The confusion matrix shown in Fig. 6 allows us to compare observed land cover, as defined by the MCD12Q1 mode attribute, and predicted land cover, as provided by our decision tree. The matrix summarizes both the distribution of predicted classes for each observed class, and inversely, the distribution of observed classes for each predicted class. These two perspectives on model performance reveal, for example, that our model has some difficulty in distinguishing between two tropical land cover classes: evergreen broadleaf forests (IGBP02) and savannas (IGBP09). Reading the second row of the matrix, we see that while 4,596 of 5,182 cells (88.7%) observed to be evergreen broadleaf forest were correctly classified, most cells of this class which were misclassified were classified as savanna (556 of 5,182 cells, 10.7%). Inversely, reading the second column of the matrix, we see that while 4,596 of 6,768 cells (67.9%) classified as evergreen broadleaf forest were observed to belong to this class, cells observed to be savanna (1,009 cells, 14.9%) constitute the largest misclassified land cover class.

Fig. 6

Confusion matrix for observed and predicted IGBP land cover.

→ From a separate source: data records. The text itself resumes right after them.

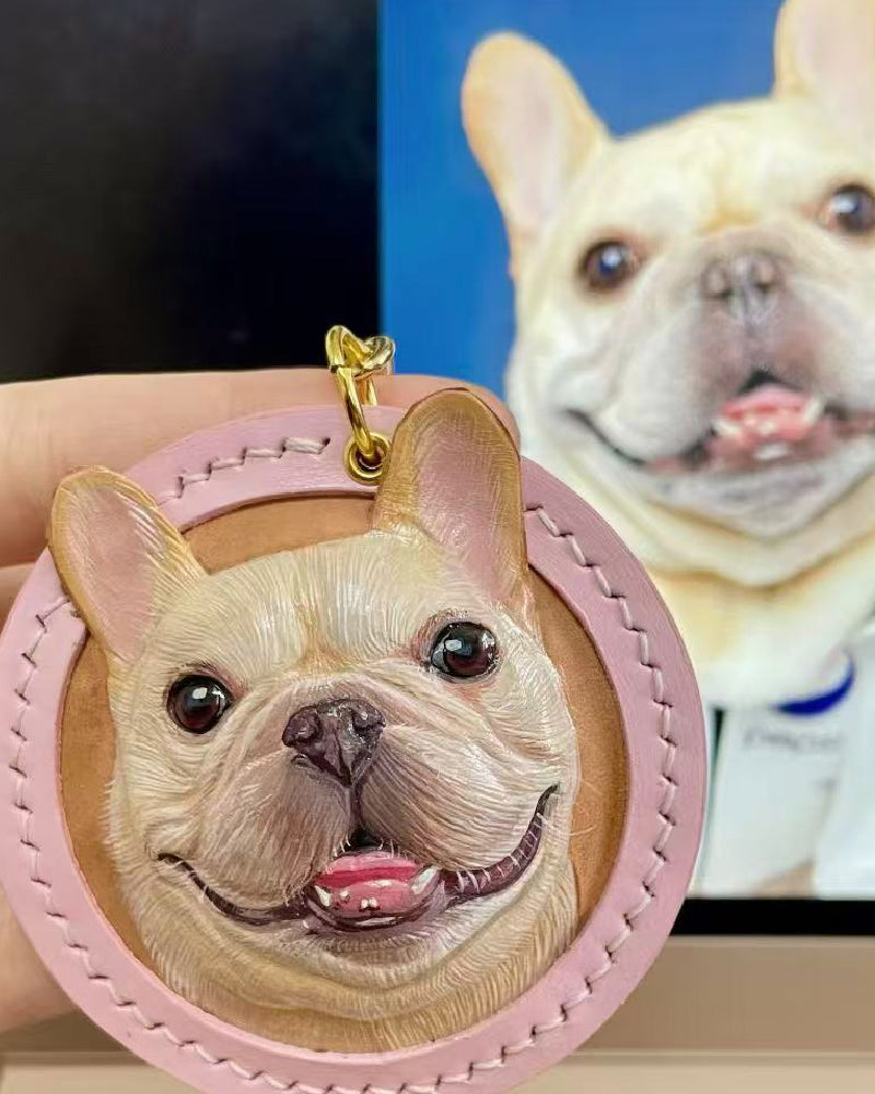 A Portrait in Cowhide Leather, A Companion for Life. Send us a beloved photo. Our artisan will then meticulously hand-carve and paint your pet’s likeness onto premium Argentine calfskin, framed with elegant Italian cowhide leather. More than an ID tag, it’s a wearable heirloom—a timeless tribute that keeps them close, whether on their collar, your bag, or in your heart.
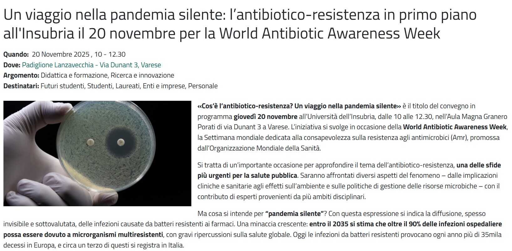 Cos’è L’Antibiotico Resistenza?, 20 Novembre 2025. DBSV, Università degli Studi dell’Insubria
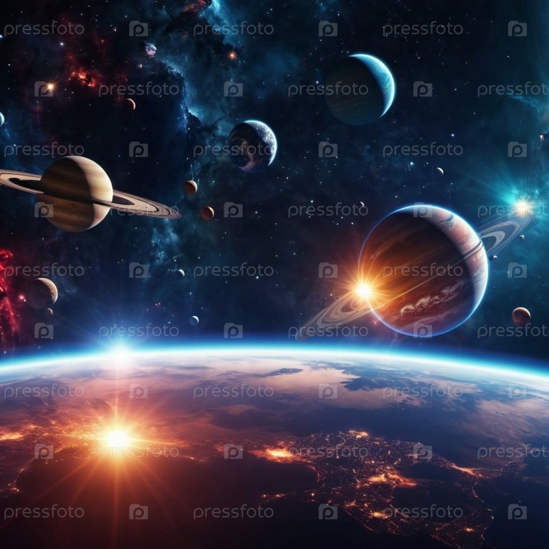 Планетарная система с несколькими планетами, большим ярко окрашенным газовым гигантом и каменистой планетой. Яркие звезды и огромное пространство темного космоса с галактикой на заднем плане. Космические просторы. Космонавтика. ИИ
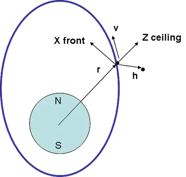 In this example, we can define a local coordinate system such that the -direction is toward the ceiling of the craft and this is directed along . The -direction is toward the front of the craft and is in the direction of . The -direction is toward the left side of the craft.
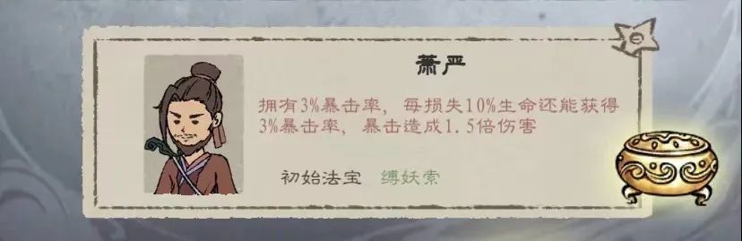 萧严,初始法宝--缚妖索,技能--拥有3%暴击率,每损失10%生命还能获得3%暴击率,暴击造成1.5倍伤害。
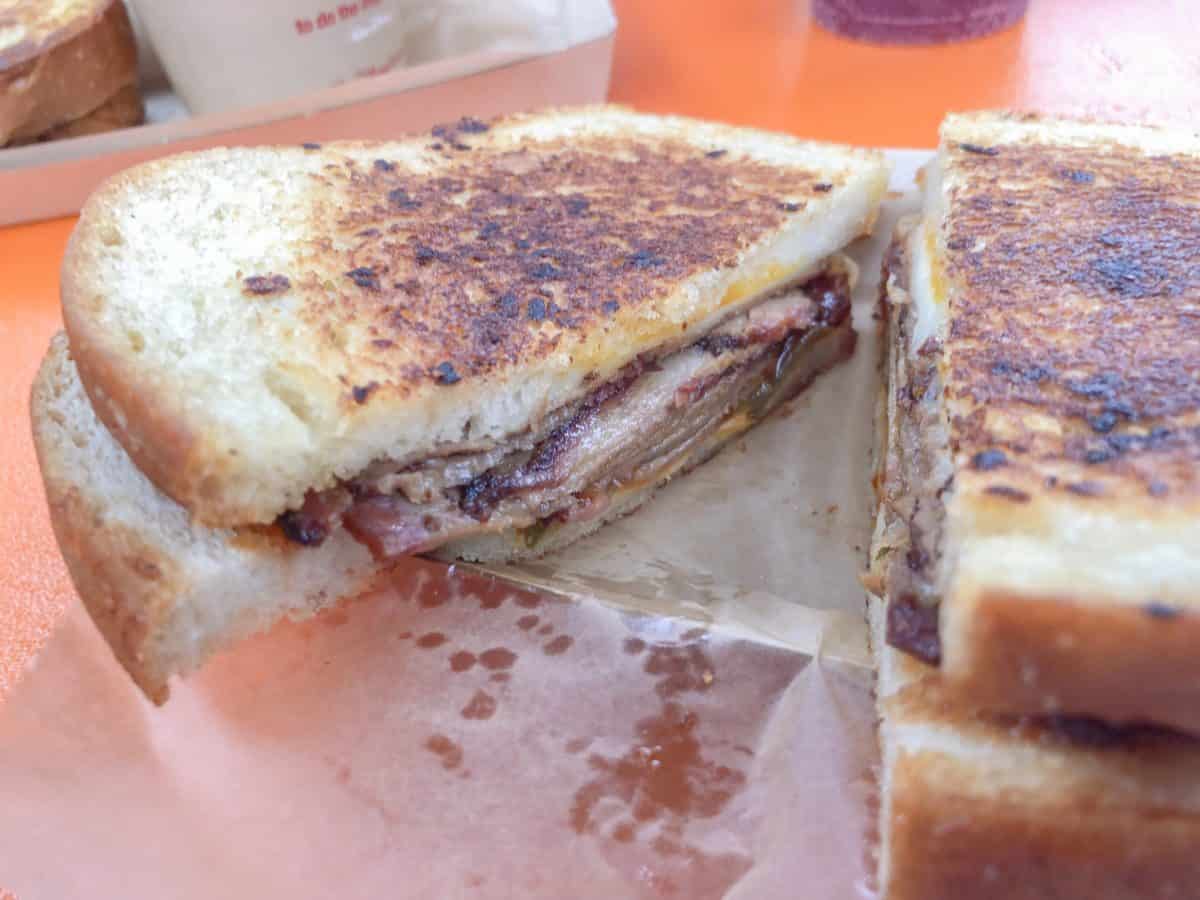 BBQ Brisket Melt -Sliced Smoked Brisket, Pickles and tangy BBQ Sauce between melted Cheddar and Monterey Jack Cheeses on Grilled Sourdough -$12.99

Further, we can visualize the decision tree, and map the tree’s land cover classifications. The first three splits of the decision tree, and the spatial distribution of the predicted land cover classes, are shown in Fig. 7. At the tree’s root, maximum temperature of the warmest month (BIO05) below a very low threshold (approximately 6 °C) is used to identify permanent snow and ice (IGBP15), primarily in Antarctica and Greenland. For cells with a BIO05 value above the threshold, annual precipitation (BIO12) below a very low threshold (approximately 16 cm) is used to identify barren land (IGBP16), primarily in the Sahara, Arabian Peninsula, and central Asia. Finally, for cells with a BIO12 value above the threshold, BIO12 above a very high threshold (approximately 1.6 m) is used to identify evergreen broadleaf forests (IGBP02), primarily in the Amazon and Congo Basins and the Malay Archipelago. Areas remaining to be classified by further splits are shown in white, and areas excluded due to predominantly human-modified land cover are shown in gray.

Fig. 7

The first three splits of the IGBP land cover classification tree, and the spatial distribution of the predicted land cover classes.